--- Supplied entries Enclosed Below ---

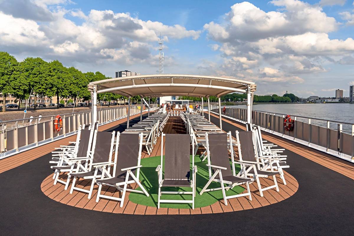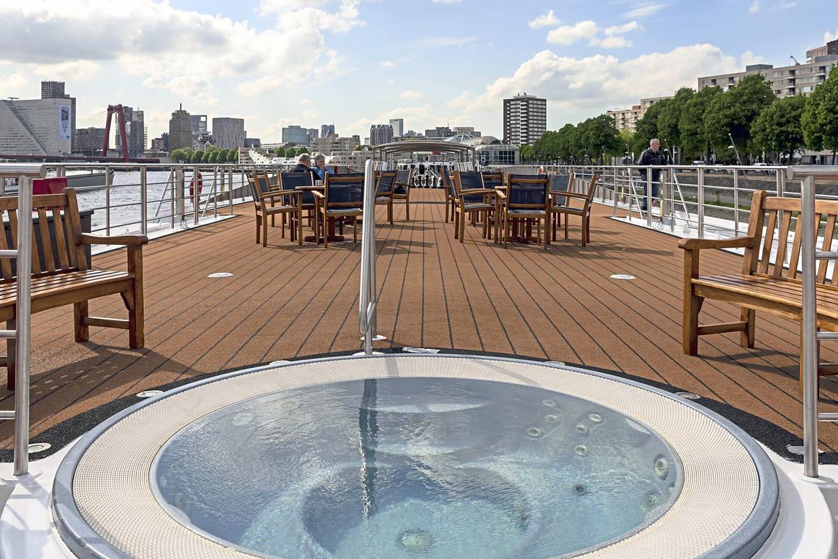 Weitläufiges Sonnendeck mit Whirlpool, Schattenplätzen, Outdoor-Möbeln und Liegen. Moderner Panoramasalon mit Bug-Terrasse, Hecklounge, Fitnessbereich mit kleiner Sauna, stilvolles Restaurant, Empfang mit Rezeption und Kreuzfahrtleiterdesk, Aufzug zwischen Oberdeck, Lobby, Mitteldeck und Restaurant (nicht zu den Hauptdeck-Kabinen).
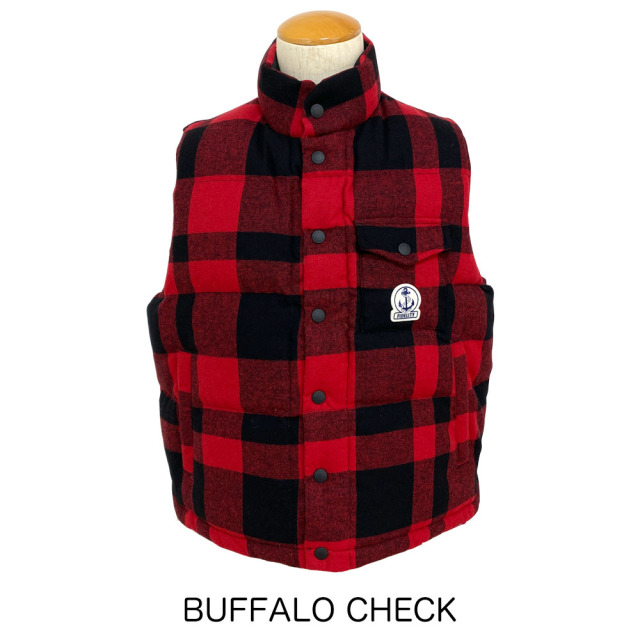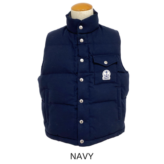 表と裏で素材を変え、違った表情が楽しめるリバーシブル仕様のダウンベスト。程よいゆとりのあるシルエットでユニセックスにも合わせやすいサイズ感。スナップボタンはFIDELITYの刻印入り。表の胸ポケットにFIDELITYのトレードマーク、錨モチーフのワッペンがポイント。 錨マークのロゴと、星条旗モチーフの2種のピンバッチが付き、気分に合わせてアレンジが可能。 表地はエターミンという薄手のウール素材で上品なイメージ、裏は黒のナイロンタフタでアーバンアウトドアな雰囲気に。 中綿はダウンと、太陽光や人体から発せられる赤外線に反応し、光エネルギーを熱エネルギーに変換して発熱させる機能綿のミックス使いでハイスペック。
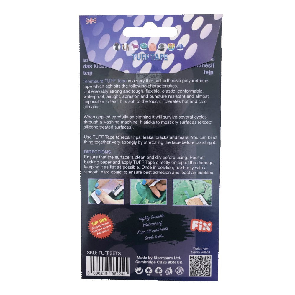Stormsure Tuff-Tape is one of those products that once you try it you don\'t know how you ever did without it. This kits consists of a selection of 6 self-adhesive clear PVC patches providing quick and easy repair to waders jackets boots etc. Sticks to just about anything even when wet. This means that if you accidentally cut or puncture your waders you can apply a Tuff-Tape patch even to wet waders to get you back fishing until yu can make a more permanent repair using Stormsure adhesive.
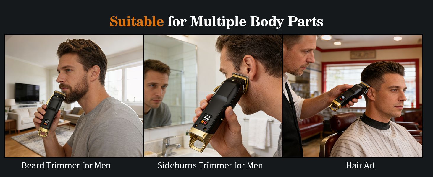 Ideal for hair cutting and beard trimming, comes with professional barber accessories, suitable for use on face and neck.
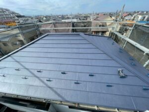 こちらには最新の屋根材「スーパーガルテクト」を使用させていただきました。
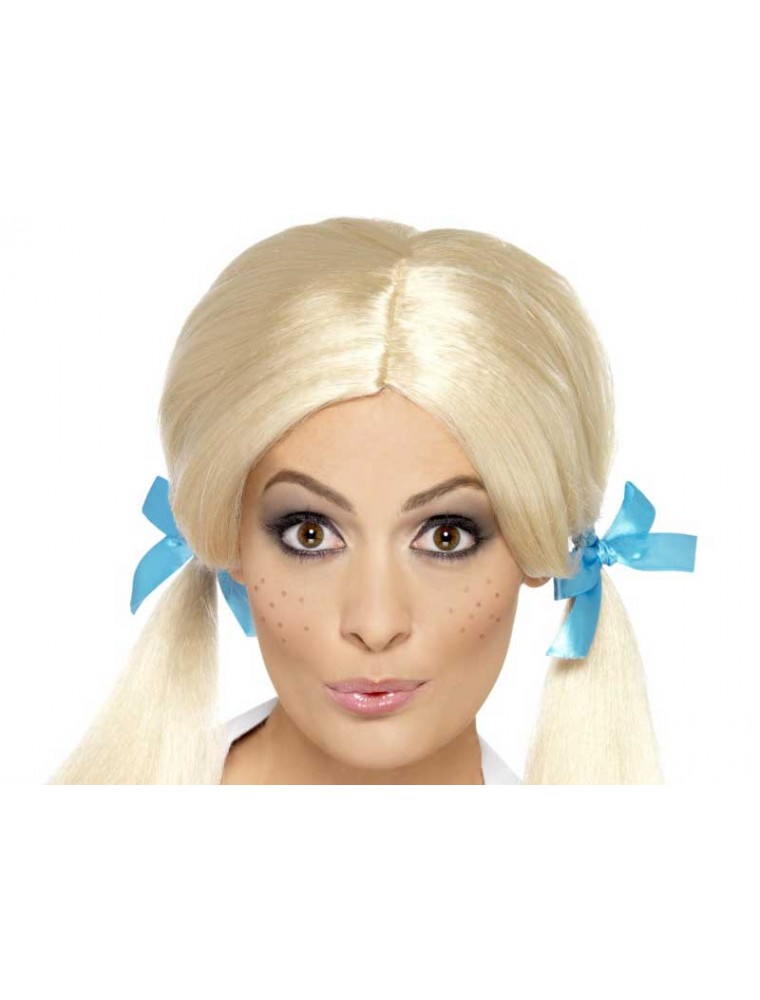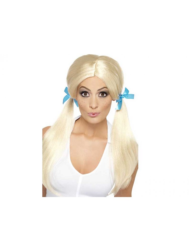 Peruca scolarita Sassy cu codite confectionata din par artificial blond, coafat in 2 codite neimpletite prinse cu fundite de satin albastru.
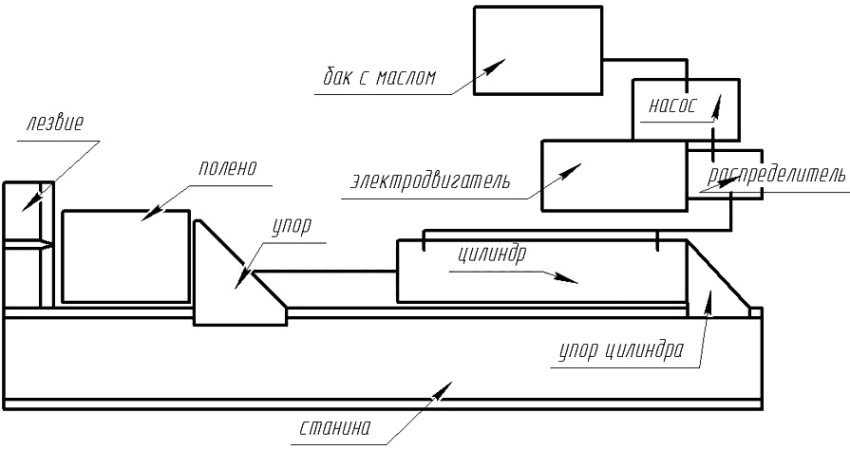 ¡Aviso util! Si no necesita cortar madera a escala industrial, es mejor detenerse en la variante de un cortador de madera con una cuchilla en forma de cono, ensamblada a partir de piezas improvisadas. De lo contrario, monte el modelo hidráulico.
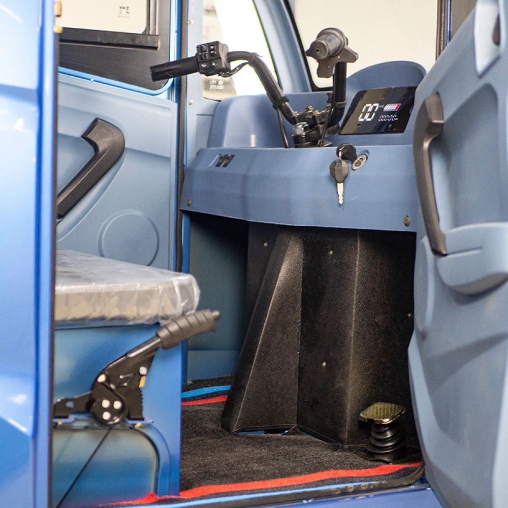 Усиленная конструкция рамы, барабанный тормоз и светодиодная передняя фара гарантируют безопасное вождение в любых условиях. Крытая герметичная кабина с открывающимися с двух сторон дверями обеспечивает защиту от непогоды, а механизм стеклоочистителя поддерживает чистоту лобового стекла.

--- End of Enclosed Supplied entries ---

» **Problem**: Write back word for word every line in the entries above from the one with "Stormsure Tuff-Tape is" to the one with "Peruca scolarita Sassy", ends included, and none of the pictures.

» **Reply**:
Stormsure Tuff-Tape is one of those products that once you try it you don\'t know how you ever did without it. This kits consists of a selection of 6 self-adhesive clear PVC patches providing quick and easy repair to waders jackets boots etc. Sticks to just about anything even when wet. This means that if you accidentally cut or puncture your waders you can apply a Tuff-Tape patch even to wet waders to get you back fishing until yu can make a more permanent repair using Stormsure adhesive.
 Ideal for hair cutting and beard trimming, comes with professional barber accessories, suitable for use on face and neck.
 こちらには最新の屋根材「スーパーガルテクト」を使用させていただきました。
 Peruca scolarita Sassy cu codite confectionata din par artificial blond, coafat in 2 codite neimpletite prinse cu fundite de satin albastru.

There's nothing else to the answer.